By the way, I just bought out the last of the Protect-All supply at a Wal-Mart in upstate NY. We were up there visiting friends. I went to three Wal-Mart stores here by us and none of them had it. I'd bet it's one of those things where Protect-All couldn't sell it to Wal-Mart at the price Wal-Mart stipulated so Wal-Mart won't carry it any more. May be wrong but I've read that's why Wal-Mart often has stuff and then all of a sudden doesn't carry it any more.

The only other place I've seen to get it is mail order.

Happy Waxing
Bill


----------



## PDX_Doug (Nov 16, 2004)

Thanks for the tips. Bill









Do you wipe the wax off immediately, or let it glaze over a bit. I know you said don't let it dry, but is it truly a wipe on - wipe off process?

In any case, it sounds like a fun project!









Happy Trails,
Doug


----------



## Oregon_Camper (Sep 13, 2004)

Great...now I can't stop thinking about Ralph Macchio's role in the movie Karate Kid...

Wax On...Wax Off


----------



## bill_pfaff (Mar 11, 2005)

Doug,

Like I said I apply a section 3-4 square feet worth and then just wipe it off.
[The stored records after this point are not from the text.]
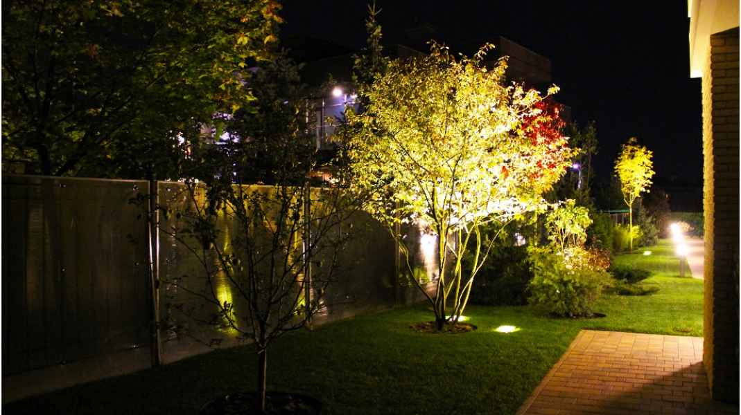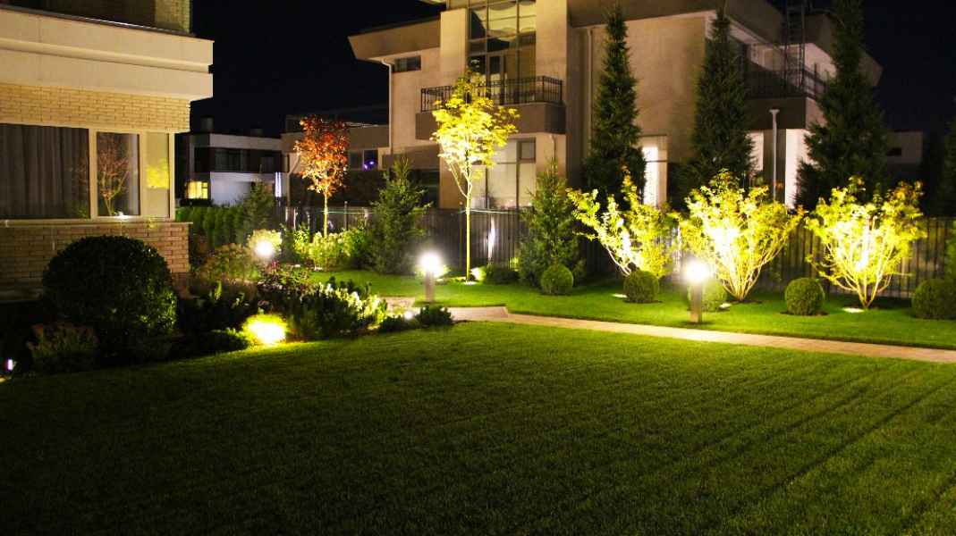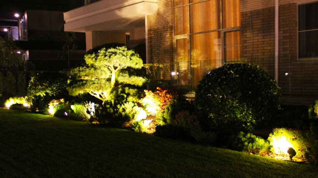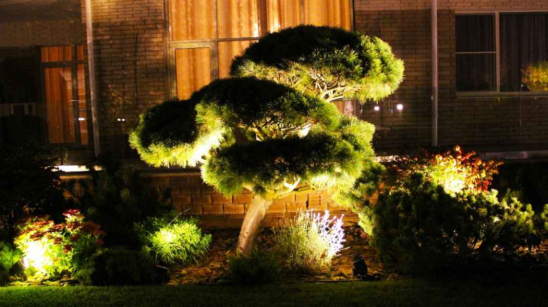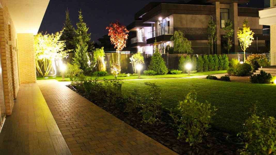 Устройство функционального и ландшафтного освещения на участке является неотъемлемой частью в современной архитектуре сада. На этапе ландшафтного проектирования качественно продуманное освещение позволит увидеть ночную картину сада совсем иначе… На данном участке реализовано два варианта освещения: функциональное (освещение дорожно-тропиночной сети), которое позволяет безопасно перемещаться по участку в тёмное время суток и ландшафтное (точечное и заливающее освещение растений) – для эффектного подчеркивания разных видов декоративных хвойных и лиственных деревьев и кустарников. Система уличного освещения вписана в систему умного дома и является неотъемлемой частью жизнеобеспечения. Продуманное и правильно реализованное ландшафтное освещение даёт возможность насладиться эстетично подсвеченной кроной и ветвлением формованного растения.
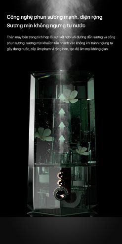 Công nghệ phun sương mạnh, diện rộng. Sương mịn không ngưng tụ nước. Thân máy bên trong tích hợp lỗi sứ, kết hợp với đường dẫn sương và cổng phun sương, sương mịn khuếch tán nhanh vào không khí tránh ngưng tụ ngay động nước, cấp ẩm phạm vi rộng hơn, tạo ẩm mọi không gian.
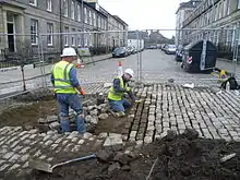 A sett, also known as a block, Belgian block[1] or sampietrini, is a broadly rectangular quarried stone used in paving roads and walkways.[2][3] Formerly in widespread use, particularly on steeper streets because setts provided horses' hooves with better grip than a smooth surface, they are now encountered rather as decorative stone paving in landscape architecture. Setts are often wrongly referred to as "cobblestones", although a sett is distinct from a cobblestone in that it is quarried or worked to a regular shape, whereas the latter is generally a small, naturally-rounded rock. Setts are usually made of granite.
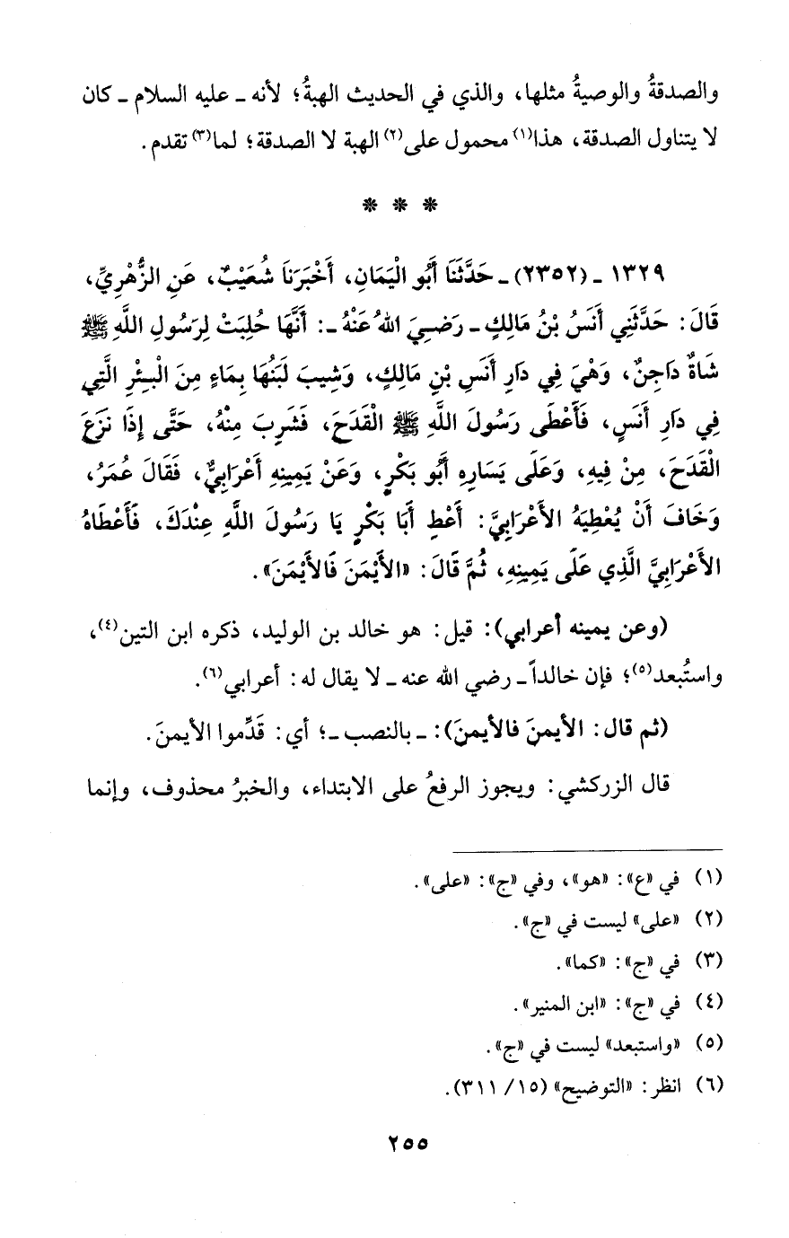 1329 - (2352) - حَدَّثَنَا أَبُو الْيَمَانِ، أَخْبَرَنَا شُعَيْبٌ، عَنِ الزُّهْرِيِّ، قَالَ: حَدَّثَنِي أَنَسُ بْنُ مَالِكٍ -رَضِيَ اللهُ عَنْهُ-: أَنَّهَا حُلِبَتْ لِرَسُولِ اللهِ - صلى الله عليه وسلم - شَاةٌ دَاجِنٌ، وَهْيَ فِي دَارِ أَنَسِ بْنِ مَالِكٍ، وَشِيبَ لَبَنُهَا بِمَاءٍ مِنَ الْبِئْرِ الَّتِي فِي دَارِ أَنَسٍ، فَأَعْطَى رَسُولَ اللهِ - صلى الله عليه وسلم - الْقَدَحَ، فَشَرِبَ مِنْهُ، حَتَّى إِذَا نَزَعَ الْقَدَحَ، مِنْ فِيهِ، وَعَلَى يَسَارِهِ أَبُو بَكْرٍ، وَعَنْ يَمِينِهِ أَعْرَابيٌّ، فَقَالَ عُمَرُ، وَخَافَ أَنْ يُعْطِيَهُ الأَعْرَابِيَّ: أَعْطِ أَبَا بَكْرٍ يَا رَسُولَ اللهِ عِنْدَكَ، فَأَعْطَاهُ الأَعْرَابِيَّ الَّذِي عَلَى يَمِينِهِ، ثُمَّ قَالَ: "الأَيْمَنَ فَالأَيْمَنَ".

I've never let it dry so I'm not sure how it would act if you did.

It truly is a wax on, wax off experience but I'm sorry to say that I don't recollect it ever being a "fun project". If you can make that happen let me know how you do it please.

Bill


----------



## BoaterDan (Jul 1, 2005)

I just did mine for the first time a few weekends ago with this product. As Bill has said, forget everything you used to know about waxing - letting it dry, buffing wheels, blah blah blah.

I just sprayed it on in the area I could reach from that ladder position, rubbed it on with one cloth, then wiped it off with another. When the application cloth got dirty I switched the buffer cloth to the application cloth and got a new one for buffing. I bought one of those big packages of cotton towels at an auto parts store for $10-15 or something like that and it was plenty for the whole trailer.


----------